DIRECTIONS FOR THIS TASK
Print the data below again in full, exactly as it stands, with no images.

SUPPLIED INFORMATION
*** Begin section ***
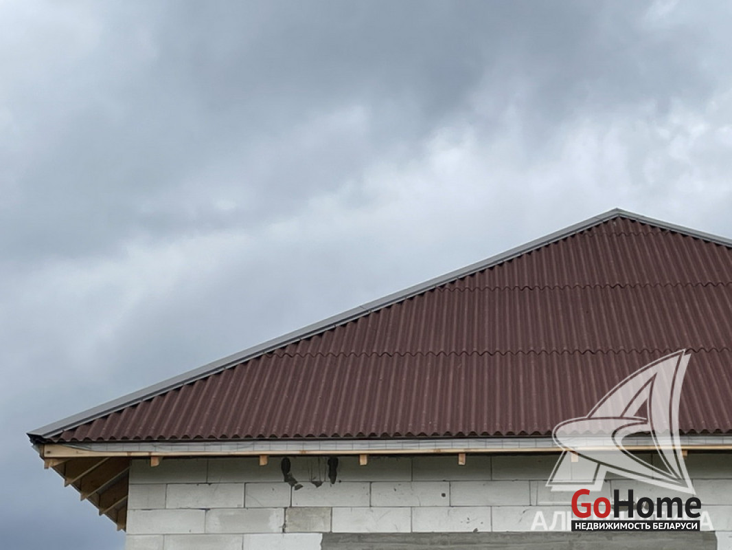 Стены: материал - газосиликатный блок. Кровля: еврошивер (ондулин). Фундамент: ленточный монолитный; материал - бетон; подушка - бетонная.
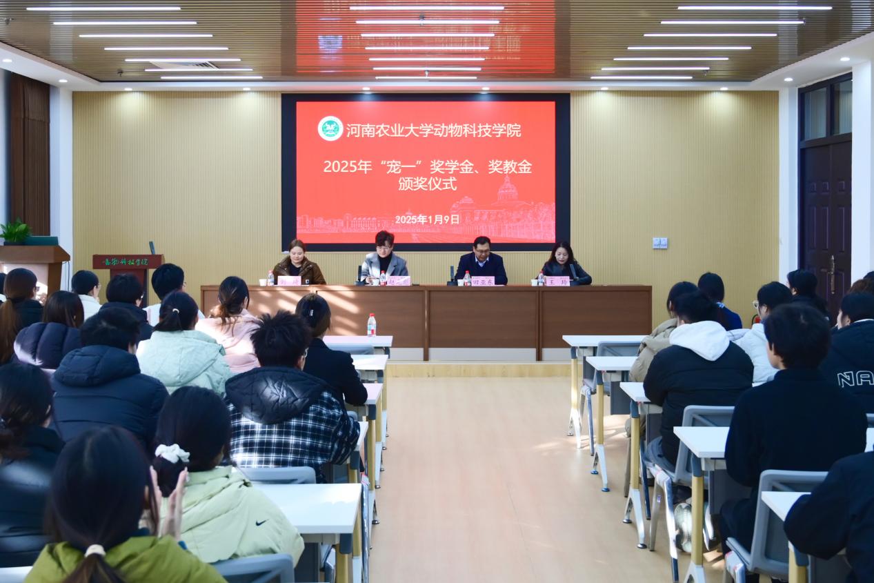 于龙子湖校区第一实验楼南508会议室举行2025年“宠一”奖学金、奖教金颁奖仪式。河南宠一生物科技有限公司创始人赵光彪、联合创始人刘琦、吃瓜网站
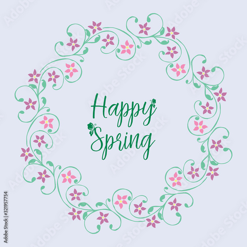 Romantic happy spring greeting card design, with unique leaf and pink wreath frame. Vector
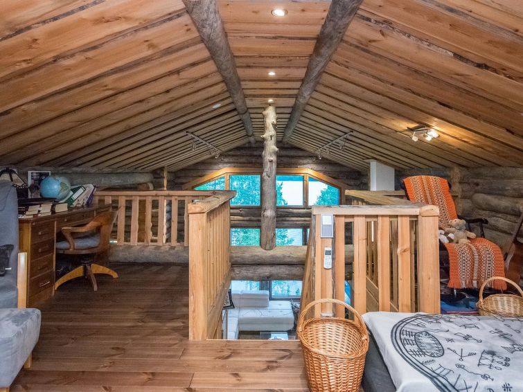 In the loft (about 20 m²) 120 cm bed and work desk. Air source heat pumps for heating and cooling in the loft and on the ground floor.
*** End section ***
ANSWER SECTION
 Стены: материал - газосиликатный блок. Кровля: еврошивер (ондулин). Фундамент: ленточный монолитный; материал - бетон; подушка - бетонная.
 于龙子湖校区第一实验楼南508会议室举行2025年“宠一”奖学金、奖教金颁奖仪式。河南宠一生物科技有限公司创始人赵光彪、联合创始人刘琦、吃瓜网站
 Romantic happy spring greeting card design, with unique leaf and pink wreath frame. Vector
 In the loft (about 20 m²) 120 cm bed and work desk. Air source heat pumps for heating and cooling in the loft and on the ground floor.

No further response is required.